In [4]: p.commands[0].stdout.readline()
Out[4]: b''

Am I doing it wrong? How can I achieve that?

Comments (7)

  1. Vinay Sajip repo owner

    I think it's a buffering issue. With your run_forever script, the following script illustrates what you need to do:

    # read_forever.py
    
    import datetime
    import sys
    
    import sarge
    
    c = sarge.Capture()
    p = sarge.run('python -u run_forever.py', async=True, stdout=c)
    try:
        while True:
            s = c.readline()
            if s:
                now = datetime.datetime.now().strftime('%H:%M:%S')
                sys.stdout.write('%s: %s' % (now, s))
    finally:
        p.commands[0].process.terminate()
    

    Note the use of -u to run Python unbuffered in the child process.

    When I run this, I get the following output:

    $ python read_forever.py 
    11:08:20: 0
    11:08:21: 1
    11:08:22: 2
    11:08:23: 3
    11:08:24: 4
    11:08:25: 5
     (and so on, indefinitely)
    
  2. Vinay Sajip repo owner

    You can dispense with the -u if you insert a sys.stdout.flush() after the print() in run_forever.py.
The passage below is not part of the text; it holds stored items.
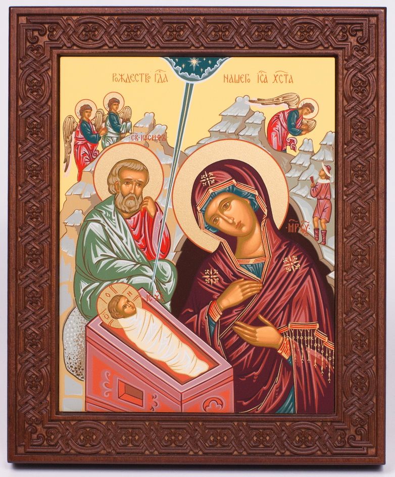 Икона на дереве 18х22 прокат, ковчег с резным обрамлением, упаковка Рождество Христово 3
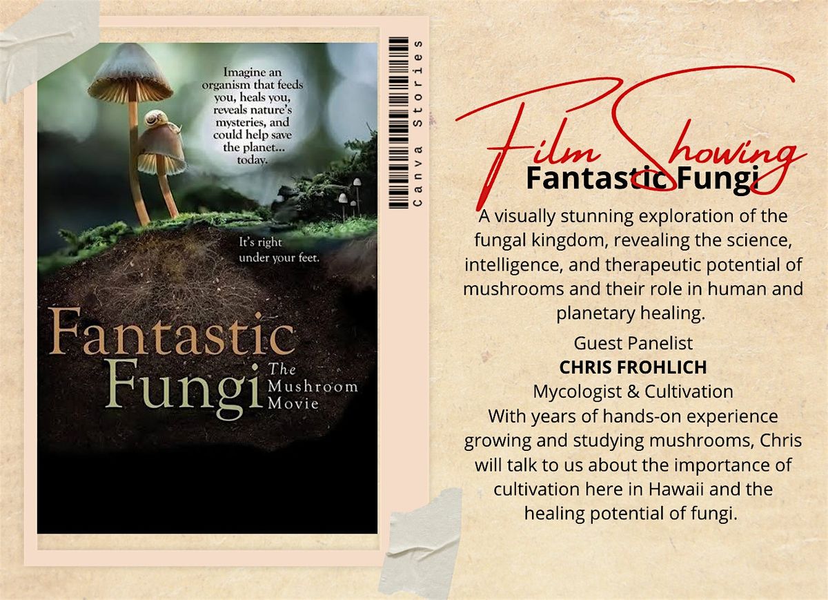 Following the film, we are honored to welcome a special guest speaker from our local Hawaiʻi community who will share insights on mushroom cultivation in Hawaiʻi, including the unique environmental conditions of the islands, sustainable growing practices, and the role fungi can play in wellness, education, and community resilience.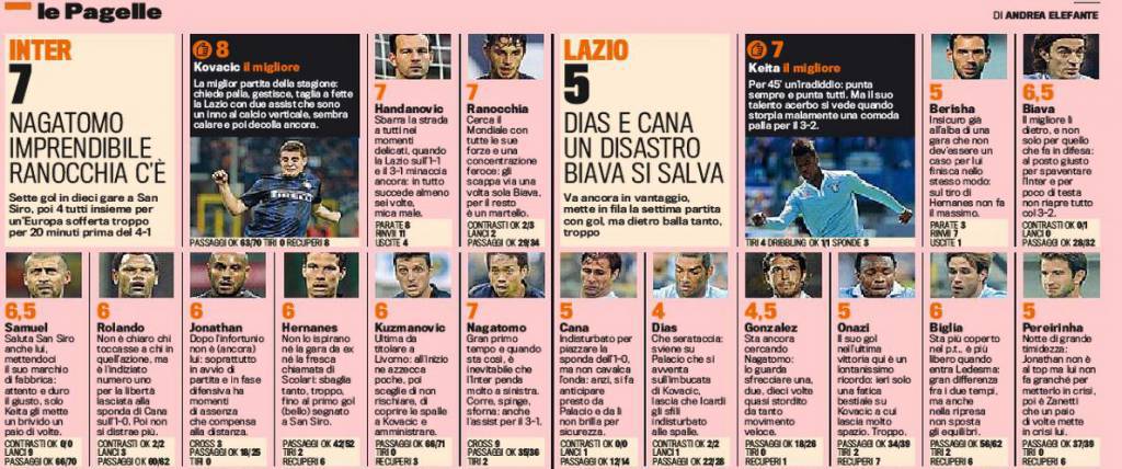 FANTACALCIO INTER LAZIO PAGELLE KOVACIC ZANETTI – E’ stata una sfida piena di emozioni quella giocata ieri sera al Giuseppe Meazza di Milano: Inter e Lazio, si sono affrontate a viso aperto, dando vita ad uno spettacolo davvero interessante. 4-1 il risultato finale, sebbene tutti gli occhi fossero puntati sul capitano nerazzurro Javier Zanetti, all’ultima gara casalinga della sua straordinaria carriera. Un 7 in pagella per lui, in seguito ad una gara maestosa, sebbene il vero man of the match risulti essere Mateo Kovacic, illuminante nelle sue straordinarie giocate. Tutto ciò nelle pagelle della Gazzetta dello Sport

So, it's not a bug in sarge.

  3. Dmitry Malinovsky reporter

    Just want to add 2 cents - I have to call python -u read_forever.py or add sys.stdout.flush() after sys.stdout.write in read_forever.py to get the output (I'm using python 3.3.4).

  4. Vinay Sajip repo owner

    I'm surprised, though you do have to add a .decode('utf-8') for Python 3 on the results of c.readline() because that is a byte-string. It works fine (on Python 3.4 - I don't have 3.3 installed) with just the decode() added, and using sys.executable to invoke run_forever with the same interpreter as read_forever.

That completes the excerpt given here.